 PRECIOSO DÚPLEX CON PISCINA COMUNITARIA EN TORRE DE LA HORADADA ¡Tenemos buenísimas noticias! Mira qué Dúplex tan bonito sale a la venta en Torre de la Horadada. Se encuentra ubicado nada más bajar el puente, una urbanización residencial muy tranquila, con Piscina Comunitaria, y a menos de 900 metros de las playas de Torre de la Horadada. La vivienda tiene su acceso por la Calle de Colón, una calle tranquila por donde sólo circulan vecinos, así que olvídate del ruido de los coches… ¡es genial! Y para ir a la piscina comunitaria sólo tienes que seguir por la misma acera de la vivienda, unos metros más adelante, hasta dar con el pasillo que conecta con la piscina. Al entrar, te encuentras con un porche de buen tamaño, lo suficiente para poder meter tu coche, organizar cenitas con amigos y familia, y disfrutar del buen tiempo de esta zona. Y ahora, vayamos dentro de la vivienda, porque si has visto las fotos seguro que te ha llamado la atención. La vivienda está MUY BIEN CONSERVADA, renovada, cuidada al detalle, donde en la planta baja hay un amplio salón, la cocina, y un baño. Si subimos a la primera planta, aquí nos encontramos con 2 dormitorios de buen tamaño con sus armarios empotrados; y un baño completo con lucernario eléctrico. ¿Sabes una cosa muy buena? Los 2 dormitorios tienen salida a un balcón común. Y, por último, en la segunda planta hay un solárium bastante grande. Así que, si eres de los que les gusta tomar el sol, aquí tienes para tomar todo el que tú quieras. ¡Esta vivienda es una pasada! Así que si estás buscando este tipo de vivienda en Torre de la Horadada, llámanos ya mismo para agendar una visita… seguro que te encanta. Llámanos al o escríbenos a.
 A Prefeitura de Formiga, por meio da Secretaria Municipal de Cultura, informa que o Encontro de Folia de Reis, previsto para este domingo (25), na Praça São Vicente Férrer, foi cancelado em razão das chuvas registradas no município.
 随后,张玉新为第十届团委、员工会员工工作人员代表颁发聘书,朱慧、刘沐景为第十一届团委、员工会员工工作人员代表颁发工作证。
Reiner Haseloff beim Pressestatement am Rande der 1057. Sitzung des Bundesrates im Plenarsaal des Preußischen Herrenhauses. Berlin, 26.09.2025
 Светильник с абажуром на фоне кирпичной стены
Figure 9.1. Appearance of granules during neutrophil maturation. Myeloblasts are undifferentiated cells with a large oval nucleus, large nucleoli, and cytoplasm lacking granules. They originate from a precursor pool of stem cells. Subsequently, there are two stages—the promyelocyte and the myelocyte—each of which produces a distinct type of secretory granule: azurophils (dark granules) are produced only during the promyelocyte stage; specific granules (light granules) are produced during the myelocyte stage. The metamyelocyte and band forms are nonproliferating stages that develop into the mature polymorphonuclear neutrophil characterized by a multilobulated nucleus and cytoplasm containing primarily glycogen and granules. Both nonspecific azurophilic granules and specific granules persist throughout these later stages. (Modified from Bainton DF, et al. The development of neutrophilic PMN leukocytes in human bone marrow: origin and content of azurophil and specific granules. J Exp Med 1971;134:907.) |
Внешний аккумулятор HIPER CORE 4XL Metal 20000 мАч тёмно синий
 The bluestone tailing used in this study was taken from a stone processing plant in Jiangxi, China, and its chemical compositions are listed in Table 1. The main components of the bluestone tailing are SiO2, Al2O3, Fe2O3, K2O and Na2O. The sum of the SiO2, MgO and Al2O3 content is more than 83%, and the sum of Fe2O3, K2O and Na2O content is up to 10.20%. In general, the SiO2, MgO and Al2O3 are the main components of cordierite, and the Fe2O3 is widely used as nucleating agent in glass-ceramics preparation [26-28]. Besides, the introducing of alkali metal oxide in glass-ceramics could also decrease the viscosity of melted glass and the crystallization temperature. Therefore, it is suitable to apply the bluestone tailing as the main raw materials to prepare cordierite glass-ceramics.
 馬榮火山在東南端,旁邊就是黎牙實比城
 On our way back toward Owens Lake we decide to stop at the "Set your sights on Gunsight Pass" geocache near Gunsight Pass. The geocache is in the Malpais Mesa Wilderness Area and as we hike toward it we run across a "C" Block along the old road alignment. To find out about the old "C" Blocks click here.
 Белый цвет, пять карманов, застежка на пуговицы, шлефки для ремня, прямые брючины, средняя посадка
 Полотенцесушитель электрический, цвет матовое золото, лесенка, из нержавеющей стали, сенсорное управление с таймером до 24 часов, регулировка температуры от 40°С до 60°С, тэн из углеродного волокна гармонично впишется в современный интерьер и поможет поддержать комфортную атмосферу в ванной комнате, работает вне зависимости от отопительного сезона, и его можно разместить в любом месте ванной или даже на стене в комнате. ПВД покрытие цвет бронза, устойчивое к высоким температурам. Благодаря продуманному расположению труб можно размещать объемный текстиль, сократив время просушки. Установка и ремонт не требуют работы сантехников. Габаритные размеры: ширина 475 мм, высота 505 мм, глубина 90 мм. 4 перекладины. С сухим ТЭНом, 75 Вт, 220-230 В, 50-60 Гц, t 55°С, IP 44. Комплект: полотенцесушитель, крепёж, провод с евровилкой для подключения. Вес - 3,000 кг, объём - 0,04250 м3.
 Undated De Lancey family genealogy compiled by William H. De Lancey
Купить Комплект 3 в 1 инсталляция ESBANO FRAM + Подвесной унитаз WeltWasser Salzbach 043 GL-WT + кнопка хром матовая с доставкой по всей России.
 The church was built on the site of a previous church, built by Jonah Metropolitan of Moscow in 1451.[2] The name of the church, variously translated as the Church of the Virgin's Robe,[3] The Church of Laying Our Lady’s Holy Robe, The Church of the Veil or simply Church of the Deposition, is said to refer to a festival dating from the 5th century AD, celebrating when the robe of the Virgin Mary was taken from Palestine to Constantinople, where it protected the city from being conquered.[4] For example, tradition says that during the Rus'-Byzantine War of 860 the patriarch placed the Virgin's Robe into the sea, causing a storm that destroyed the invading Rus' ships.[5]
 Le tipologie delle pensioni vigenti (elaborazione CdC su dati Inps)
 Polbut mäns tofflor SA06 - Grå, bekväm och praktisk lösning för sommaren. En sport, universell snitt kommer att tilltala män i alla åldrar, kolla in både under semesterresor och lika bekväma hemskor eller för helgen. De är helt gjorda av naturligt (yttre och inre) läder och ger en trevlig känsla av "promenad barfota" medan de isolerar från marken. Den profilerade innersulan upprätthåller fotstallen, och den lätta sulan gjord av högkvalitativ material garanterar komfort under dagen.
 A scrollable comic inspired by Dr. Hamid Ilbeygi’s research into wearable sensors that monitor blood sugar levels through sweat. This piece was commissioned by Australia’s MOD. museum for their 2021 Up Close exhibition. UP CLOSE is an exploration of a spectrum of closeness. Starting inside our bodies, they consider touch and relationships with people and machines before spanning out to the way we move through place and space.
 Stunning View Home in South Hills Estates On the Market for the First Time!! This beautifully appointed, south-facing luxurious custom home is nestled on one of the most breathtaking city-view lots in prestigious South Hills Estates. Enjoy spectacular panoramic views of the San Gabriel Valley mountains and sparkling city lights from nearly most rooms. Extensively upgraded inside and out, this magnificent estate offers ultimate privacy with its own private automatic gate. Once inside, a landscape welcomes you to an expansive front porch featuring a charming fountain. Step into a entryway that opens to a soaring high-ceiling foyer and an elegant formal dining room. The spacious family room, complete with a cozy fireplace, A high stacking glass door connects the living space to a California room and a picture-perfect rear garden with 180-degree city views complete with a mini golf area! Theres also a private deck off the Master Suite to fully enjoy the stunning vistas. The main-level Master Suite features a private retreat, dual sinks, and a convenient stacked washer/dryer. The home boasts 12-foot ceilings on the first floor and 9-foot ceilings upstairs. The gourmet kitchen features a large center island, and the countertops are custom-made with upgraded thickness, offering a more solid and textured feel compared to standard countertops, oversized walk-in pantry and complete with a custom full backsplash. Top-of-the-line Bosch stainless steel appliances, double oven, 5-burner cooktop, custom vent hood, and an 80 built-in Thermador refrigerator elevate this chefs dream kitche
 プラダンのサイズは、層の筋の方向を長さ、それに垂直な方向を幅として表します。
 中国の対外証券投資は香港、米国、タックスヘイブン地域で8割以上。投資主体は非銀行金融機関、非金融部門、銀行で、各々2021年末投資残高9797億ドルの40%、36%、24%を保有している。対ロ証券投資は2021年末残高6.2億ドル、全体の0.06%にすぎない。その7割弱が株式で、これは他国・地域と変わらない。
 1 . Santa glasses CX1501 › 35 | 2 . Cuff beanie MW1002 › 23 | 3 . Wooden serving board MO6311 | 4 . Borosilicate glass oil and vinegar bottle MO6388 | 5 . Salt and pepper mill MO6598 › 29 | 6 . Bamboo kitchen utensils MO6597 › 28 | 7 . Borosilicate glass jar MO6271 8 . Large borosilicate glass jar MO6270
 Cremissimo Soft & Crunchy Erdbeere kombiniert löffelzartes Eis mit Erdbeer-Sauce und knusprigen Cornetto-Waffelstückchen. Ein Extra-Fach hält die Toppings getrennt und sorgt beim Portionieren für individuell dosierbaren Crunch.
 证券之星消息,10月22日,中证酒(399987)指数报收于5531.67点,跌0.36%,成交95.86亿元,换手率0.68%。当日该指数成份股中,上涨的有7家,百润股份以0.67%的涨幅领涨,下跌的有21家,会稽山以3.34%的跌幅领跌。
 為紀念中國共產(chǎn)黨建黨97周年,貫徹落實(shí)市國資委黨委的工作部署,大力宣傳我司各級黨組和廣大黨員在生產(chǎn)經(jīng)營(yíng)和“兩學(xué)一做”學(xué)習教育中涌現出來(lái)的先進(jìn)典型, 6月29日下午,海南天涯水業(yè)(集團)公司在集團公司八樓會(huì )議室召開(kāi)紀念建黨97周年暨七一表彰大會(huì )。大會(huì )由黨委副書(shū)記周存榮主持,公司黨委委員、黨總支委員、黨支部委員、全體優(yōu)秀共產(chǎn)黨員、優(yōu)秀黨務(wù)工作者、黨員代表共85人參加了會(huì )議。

★ ★ ★ ★ ★

**What the task requires:** How many lines of the data contain the word "taken"? Answer with the number alone.

**Task answer:** 2